◆ EXERCISE REQUIREMENTS
There is one span to output from the data below: the lines starting at the line with "tMutexWait中,大致" and ending at the line with "初回参加の方には 終活カウンセラー協会監修エンディングノートプレゼント!!". Output it exactly, ends included, nothing more.

◆ EXERCISE MATERIALS
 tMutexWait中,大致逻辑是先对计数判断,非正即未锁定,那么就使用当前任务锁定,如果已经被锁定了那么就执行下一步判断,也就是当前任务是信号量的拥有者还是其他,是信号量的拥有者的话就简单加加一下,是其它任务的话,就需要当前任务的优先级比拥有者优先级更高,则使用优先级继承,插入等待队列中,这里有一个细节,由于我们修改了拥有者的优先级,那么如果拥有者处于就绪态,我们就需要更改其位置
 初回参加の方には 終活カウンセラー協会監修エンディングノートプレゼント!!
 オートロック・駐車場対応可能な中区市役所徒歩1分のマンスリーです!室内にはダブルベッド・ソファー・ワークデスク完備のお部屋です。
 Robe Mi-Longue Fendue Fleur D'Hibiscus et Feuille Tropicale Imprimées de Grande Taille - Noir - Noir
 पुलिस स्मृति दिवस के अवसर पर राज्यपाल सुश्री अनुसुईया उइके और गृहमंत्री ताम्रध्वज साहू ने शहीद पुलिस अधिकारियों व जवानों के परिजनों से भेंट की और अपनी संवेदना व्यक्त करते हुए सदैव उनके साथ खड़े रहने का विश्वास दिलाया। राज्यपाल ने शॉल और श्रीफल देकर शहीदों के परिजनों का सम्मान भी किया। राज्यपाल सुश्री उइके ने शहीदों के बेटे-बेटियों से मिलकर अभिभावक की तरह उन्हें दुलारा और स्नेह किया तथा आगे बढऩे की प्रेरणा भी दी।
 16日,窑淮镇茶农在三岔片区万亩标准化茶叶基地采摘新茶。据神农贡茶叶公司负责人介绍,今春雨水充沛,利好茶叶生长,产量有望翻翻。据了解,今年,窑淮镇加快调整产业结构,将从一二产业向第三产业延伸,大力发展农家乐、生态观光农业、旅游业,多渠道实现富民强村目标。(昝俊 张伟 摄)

...

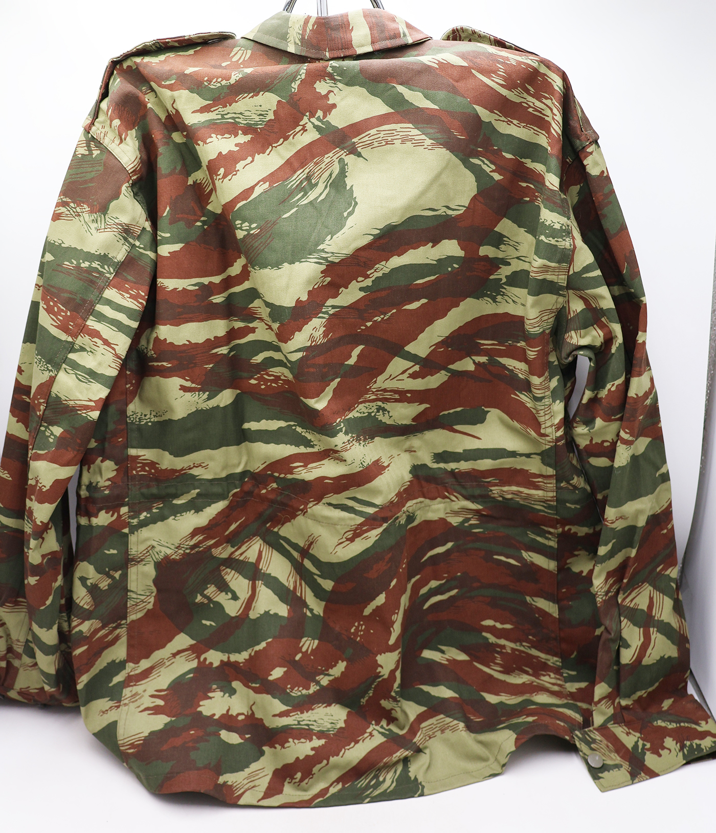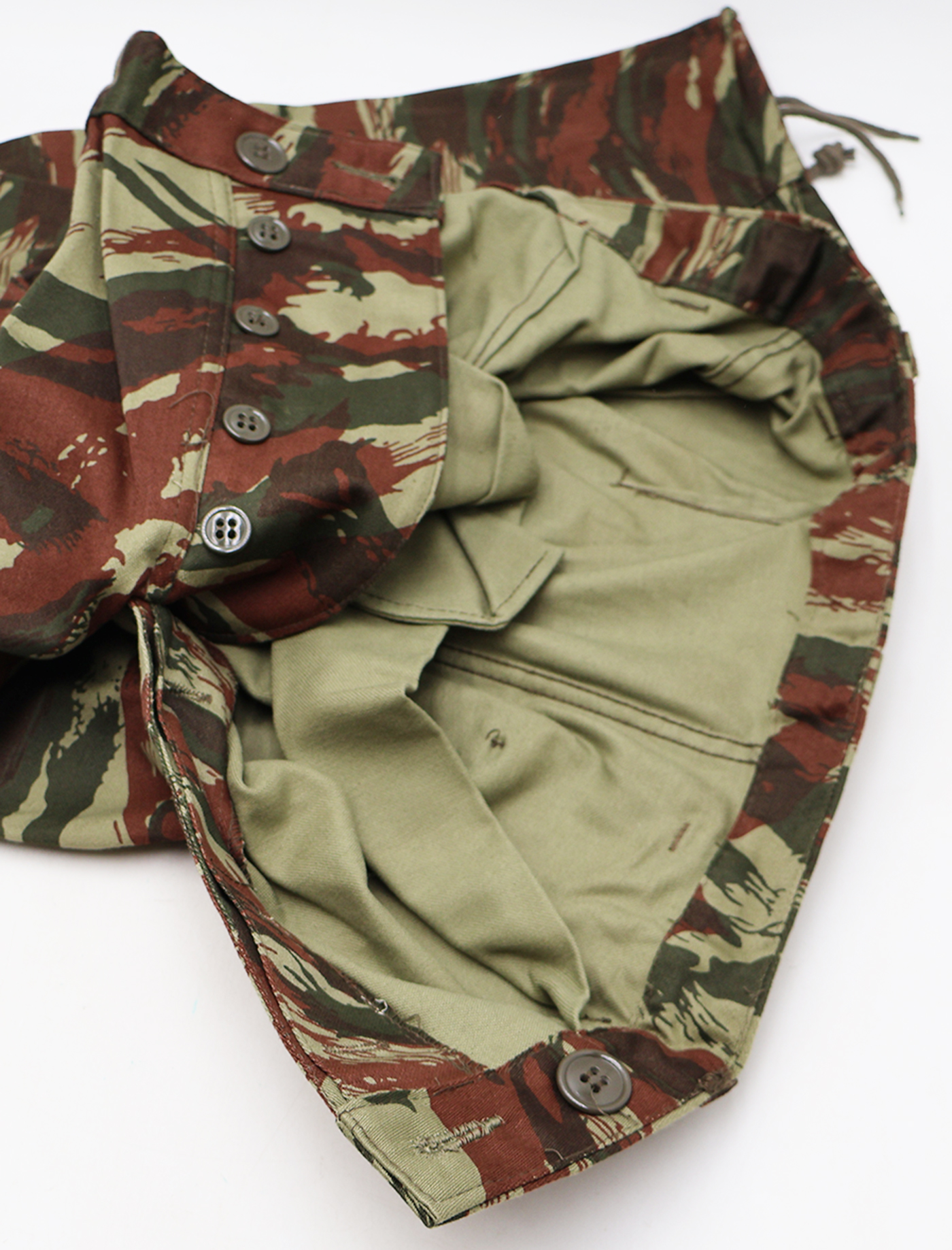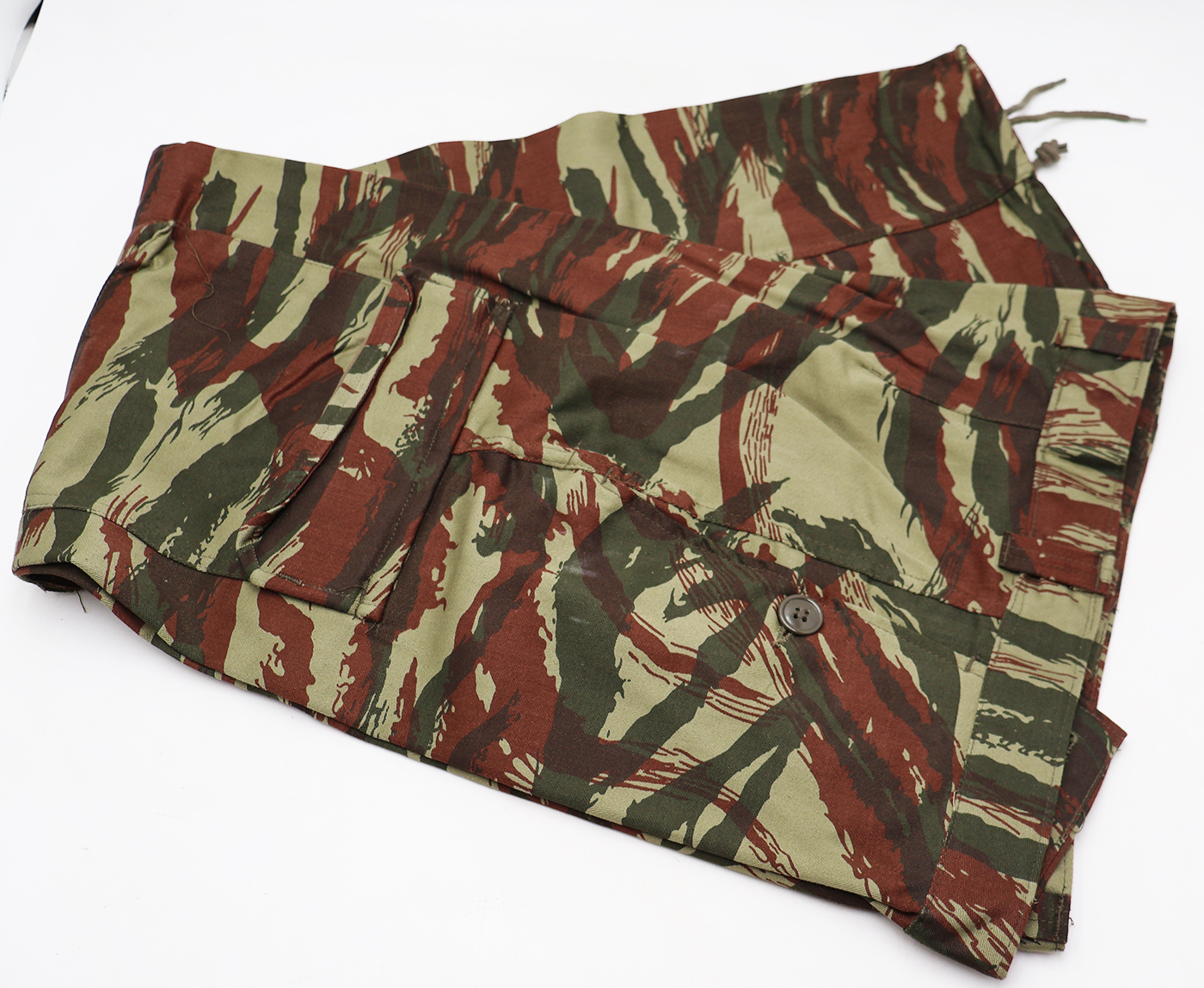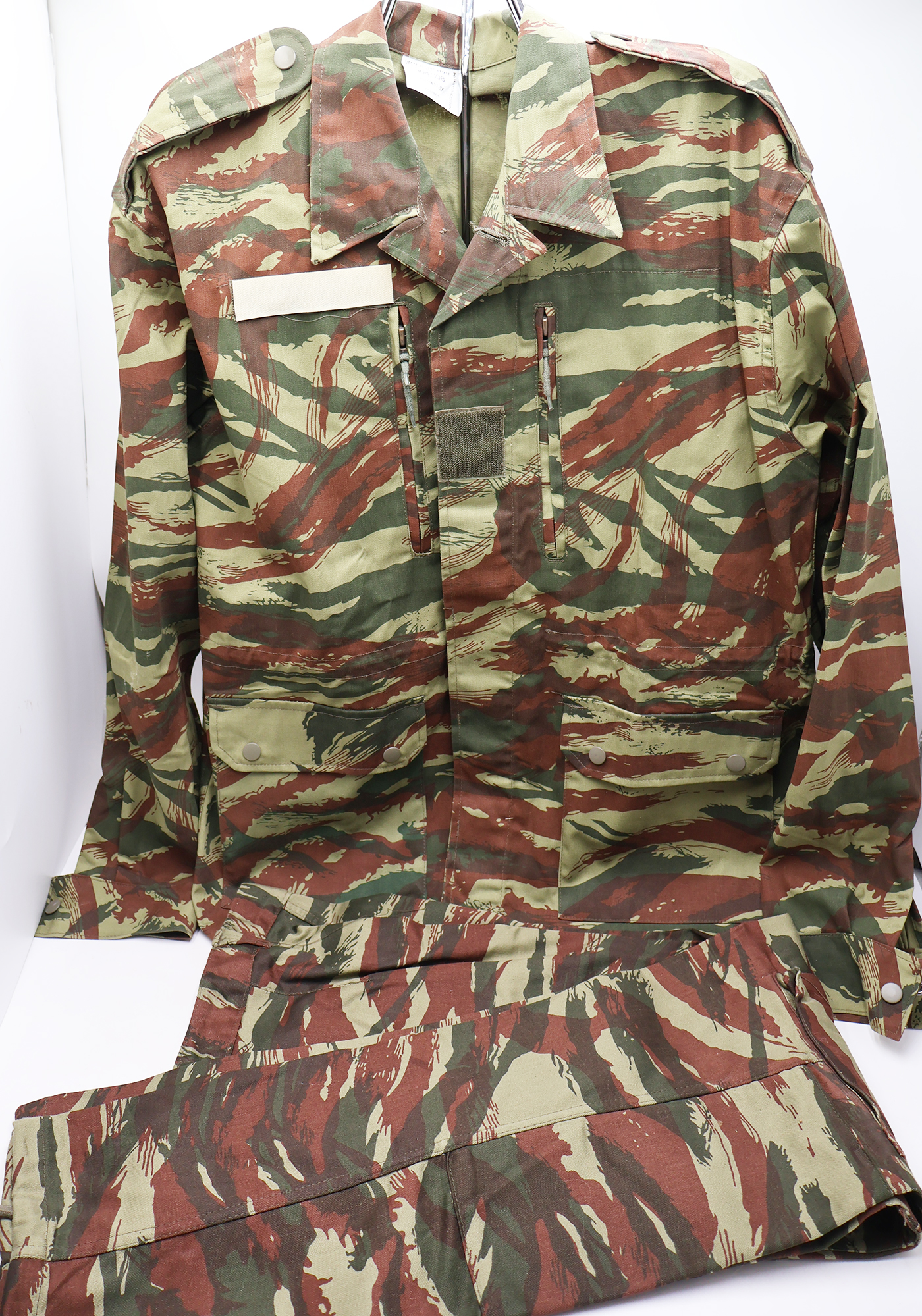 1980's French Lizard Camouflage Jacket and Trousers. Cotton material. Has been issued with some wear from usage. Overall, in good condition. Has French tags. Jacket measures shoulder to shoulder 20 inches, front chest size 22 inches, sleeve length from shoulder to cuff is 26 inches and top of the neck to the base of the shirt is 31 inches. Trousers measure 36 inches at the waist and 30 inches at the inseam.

==

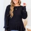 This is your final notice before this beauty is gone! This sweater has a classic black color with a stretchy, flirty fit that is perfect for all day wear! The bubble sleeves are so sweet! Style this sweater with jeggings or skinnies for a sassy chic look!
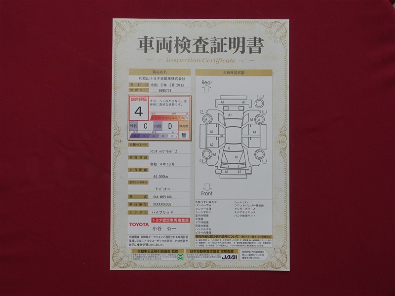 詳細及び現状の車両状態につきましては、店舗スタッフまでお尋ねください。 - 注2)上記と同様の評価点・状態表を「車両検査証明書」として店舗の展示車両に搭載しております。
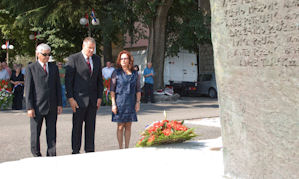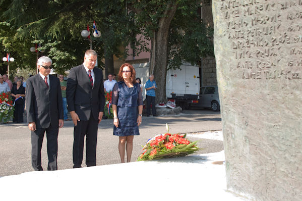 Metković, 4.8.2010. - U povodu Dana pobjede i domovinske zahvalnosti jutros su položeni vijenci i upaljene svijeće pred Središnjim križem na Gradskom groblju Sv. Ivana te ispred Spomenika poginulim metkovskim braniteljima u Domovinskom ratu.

◆ REPLY TO THE TASK
 tMutexWait中,大致逻辑是先对计数判断,非正即未锁定,那么就使用当前任务锁定,如果已经被锁定了那么就执行下一步判断,也就是当前任务是信号量的拥有者还是其他,是信号量的拥有者的话就简单加加一下,是其它任务的话,就需要当前任务的优先级比拥有者优先级更高,则使用优先级继承,插入等待队列中,这里有一个细节,由于我们修改了拥有者的优先级,那么如果拥有者处于就绪态,我们就需要更改其位置
 初回参加の方には 終活カウンセラー協会監修エンディングノートプレゼント!!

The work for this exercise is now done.